Steem nodes are costly to operate and the cost is increasing

The Steem blockchain currently requires significant resources to run a Steem node for acting as a Steem witness or for operating a cryptocurrency exchange. For example, if you want to run a witness that runs on an average cloud server, you can expect to need 47GB currently, and this is likely to increase beyond 64GB before too long. This latter value is important because server costs increase dramatically as a server exceeds certain memory requirements (64GB, 128GB, 256GB, 512GB). These memory costs also impose limits on the ability for the Steem network to grow in terms of users, posts, comments, etc, so it’s important to Steem’s future to reduce the costs of running a Steem node.

Replacing chainbase storage with rocksdb storage to slash node operating costs

BlockTrades believes the most suitable solution to this problem is moving much of the blockchain state data that is currently stored in a database called “chainbase” into a more efficiently organized form using the RocksDB database. Chainbase was an early attempt to reduce the memory requirements of running a Steem node, but it ultimately failed because the storage mechanism was poorly tuned for storing data on a hard disk, which lead to most nodes storing their chainbase in a form of “RAM disk” in order to operate at acceptable performance levels.
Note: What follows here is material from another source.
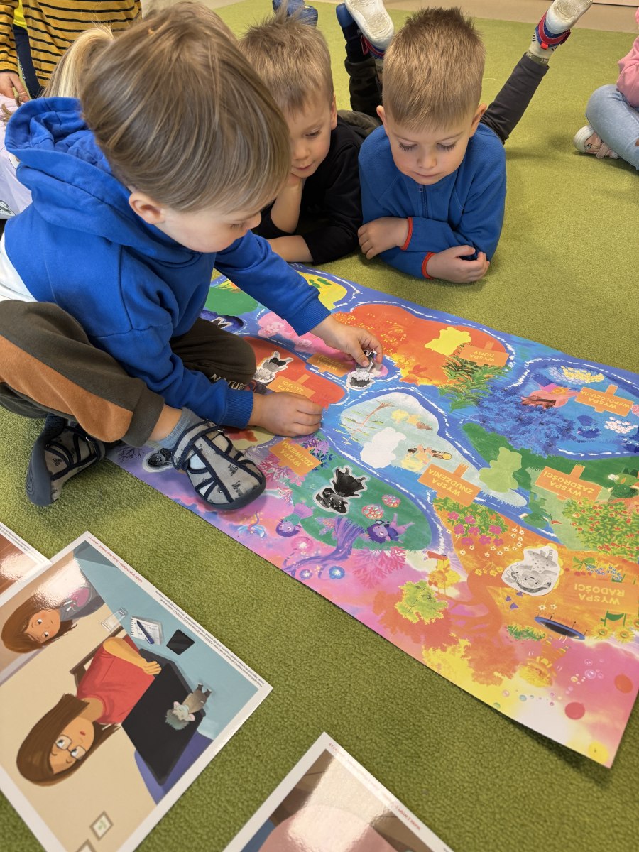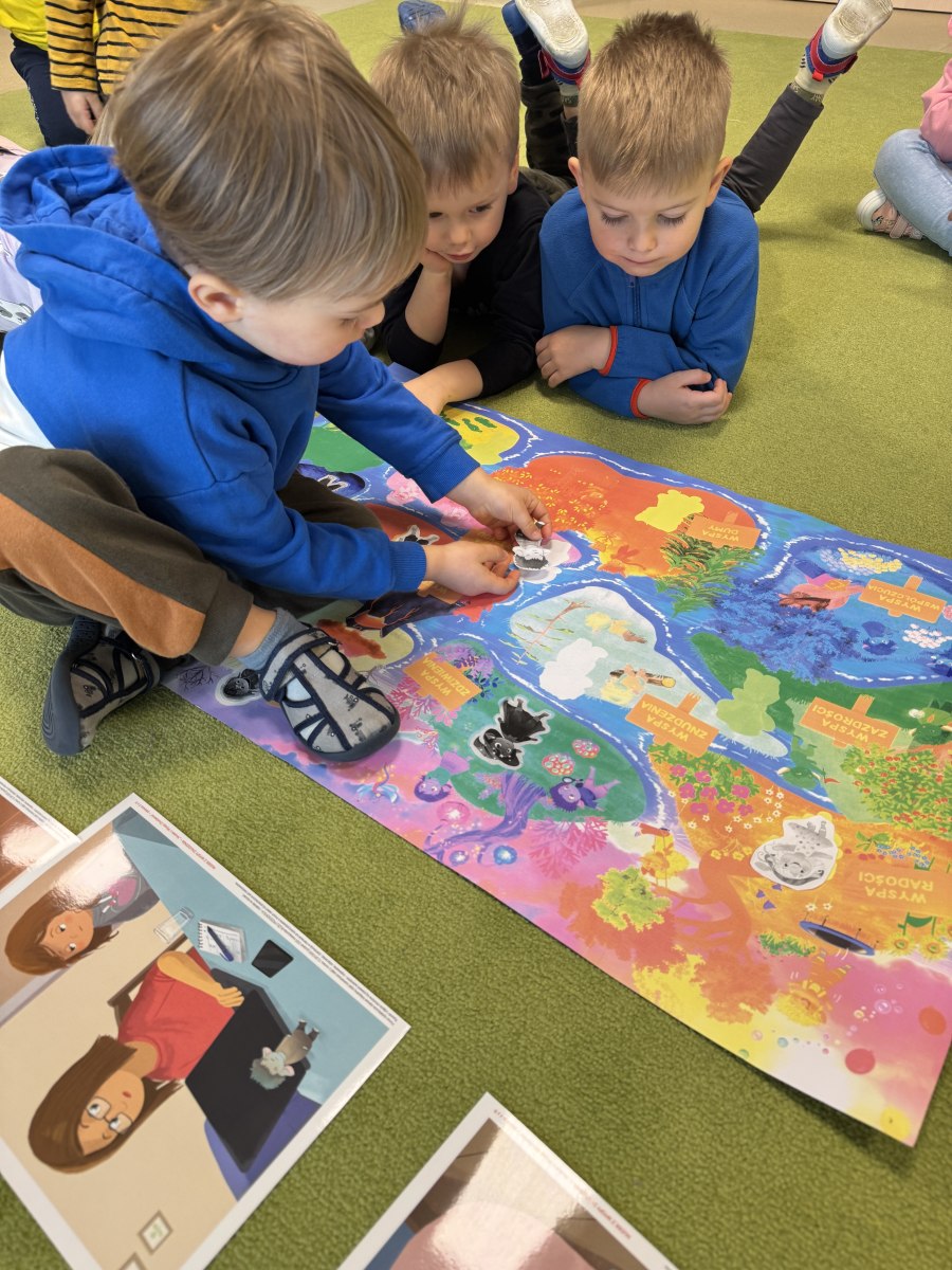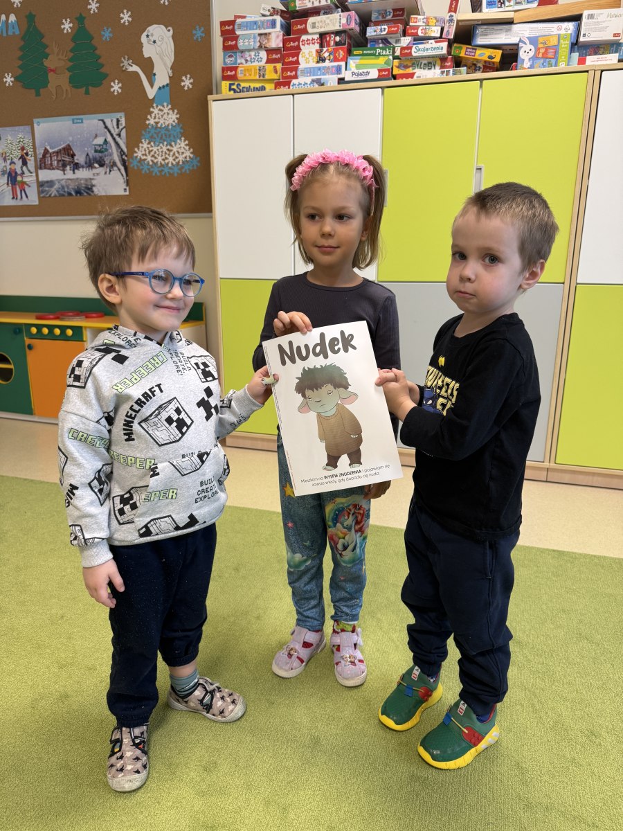 W ramach programu edukacyjnego „Czuciaki z Krainy Emocji” dzieci poznały Nudka z wyspy Znudzenia. Zajęcia rozpoczęły się od obejrzenia filmu, który wprowadził dzieci w temat emocji, jaką jest nuda.

In other words, node operators found that the data still needed to be stored in memory in order for the node to operate acceptably.

Unlike chainbase, RocksDB is specifically designed for efficient storage and retrieval of data using standard hard disk technology, so it will enable this state data to be moved out of memory once and for all, resulting in reduced costs to run Steem nodes.

Why BlockTrades is the natural candidate to implement rocksdb in Steem

The BlockTrades development team has long been concerned about the increasing costs of running Steem nodes and we approached Steemit over a year ago with a design architecture for using Rocksdb to solve the problem, based on our prior experience with high performance database coding. Steemit was generally receptive to the idea and we implemented an initial proof-of-concept under contract with Steemit that stored database from the “account history plugin” that carried one of the highest memory costs for the API nodes operated by Steemit. This technology was successfully deployed in Steemit’s production servers and has allowed Steemit API servers to continue operating on high end cloud servers.

Note, however, that this was just a proof-of-concept to show that Rocksdb met the performance requirments to allow state data to be moved from memory to disk storage by writing special case code to move the account history data. It did not reduce the memory requirements of the “consensus” state data that requires witnesses to run nodes with a large amount of memory. But we proposed a second stage project whereby we would develop a generic way to move Steem state data (stored in C++ data structures called multi-indexes) on to disk storage using Rocksbd, then use this technology to move most if not all of the state data onto disk.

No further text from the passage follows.